Burgess decided to listen. In a brilliant stroke, Macromedia hired Nielsen himself to develop its usability and accessibility guidelines. Now Flash MX has emerged as the foundation for Rich Internet Application (RIA) development. An official Macromedia Flash Accessibility Developer Kit ( www.macromedia.com/macromedia/accessibility/ ) contains guidelines, Smart Clips and sample code to support development efforts. As well, Flash has emerged as an artistic medium in and of itself.

Numerous conferences and festivals have started in the past few years to celebrate the maturing chrysalis of Flash and the elements of design, art, business, electronic music, digital video, video games and other aspects of new media that now go with it.

Among the most renowned of these is FlashInTheCan ( www.flashinthecan.com ), a Toronto-based gathering that enjoyed its third anniversary early this month.

More than 900 attendees came from as far away as Mexico, Europe, South Africa and Australia, creating an all-star cast. Colin Moock ( www.moock.org ), Guy Watson ( www.flashguru.co.uk/ ), Brendan Dawes ( www.brendandawes.com ), Daniel Dura ( www.danieldura.com ), Kevin Towes ( www.kevintowes.ca ) and Joshua Davis all addressed the meeting.

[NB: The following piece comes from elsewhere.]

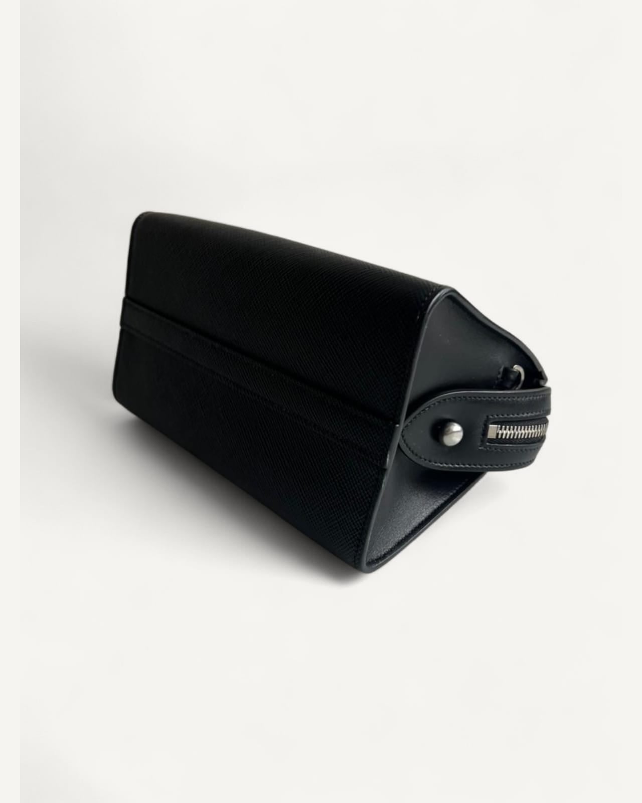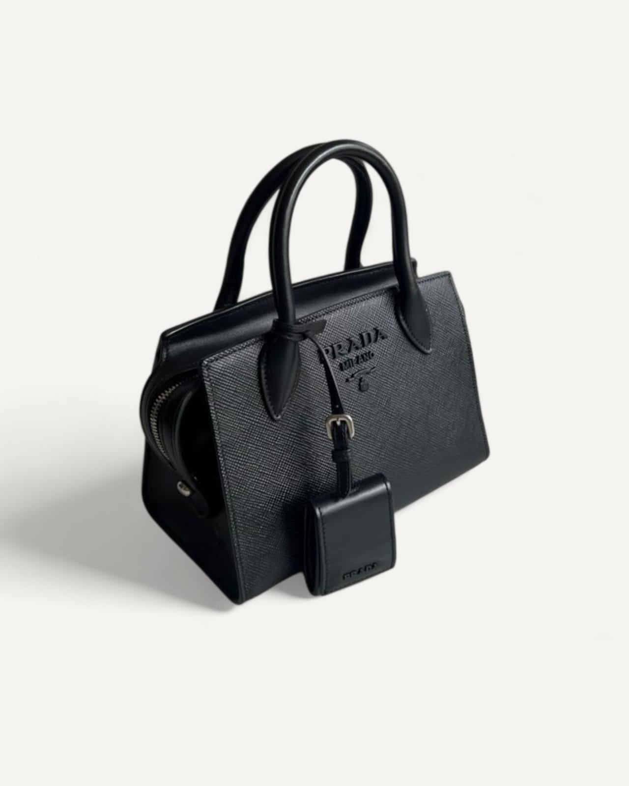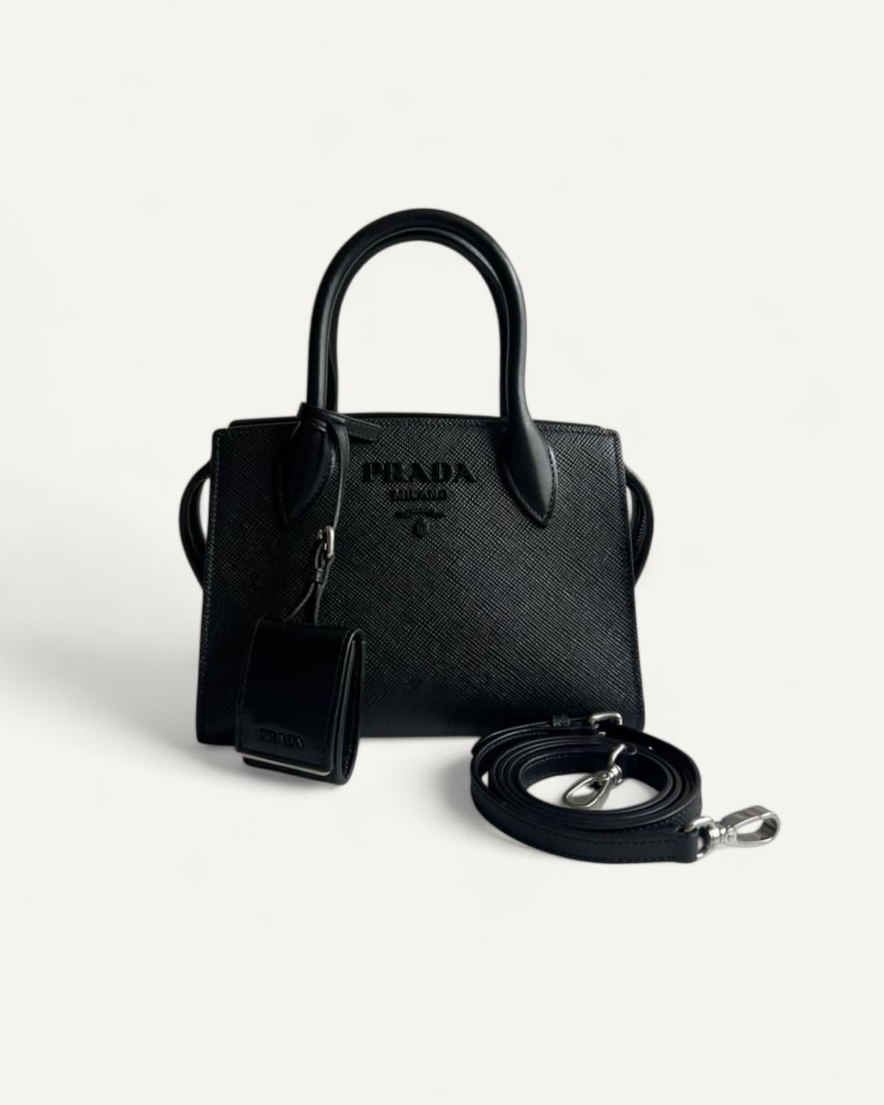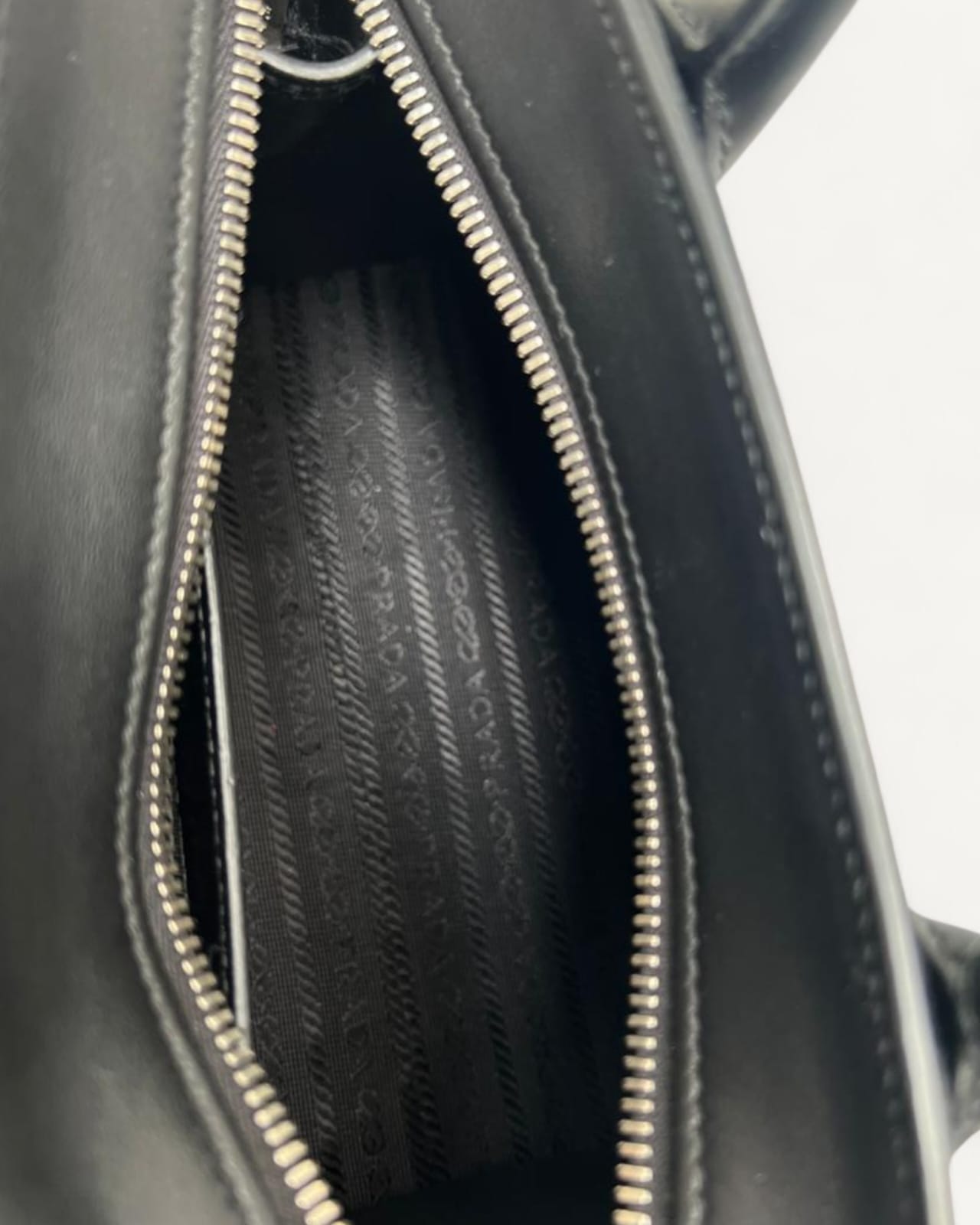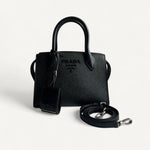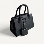 Bolsa Prada Monochrome Preta com Ferragens Prateadas

The technology is now much improved from the time of Nielsen’s original essay, and, as Kevin Lynch, chief software architect for Macromedia, said during his keynote presentation, all that remains is to get the large community of Flash developers to embrace the now-official Macromedia usability and accessibility principles in their actual RIA design and development.

As Dayton Pereira from hot Toronto design shop Indusblue ( www.indusblue.com ) said, “A lot of guys here agree that it’s necessary but ignore it because they don’t understand it, and (Flash expert Shawn) Pucknell agrees that there’s lots of room for improvement.”

But one thing’s for sure. Flash isn’t 99 per cent bad any more. Instead, it has empowered designers with the capability for great good and great evil.

God bless the artists who want to create art for art’s sake. But developers who create inaccessible sites for their clients are guilty of professional negligence and should be forced to surf with text-based browsers for a month.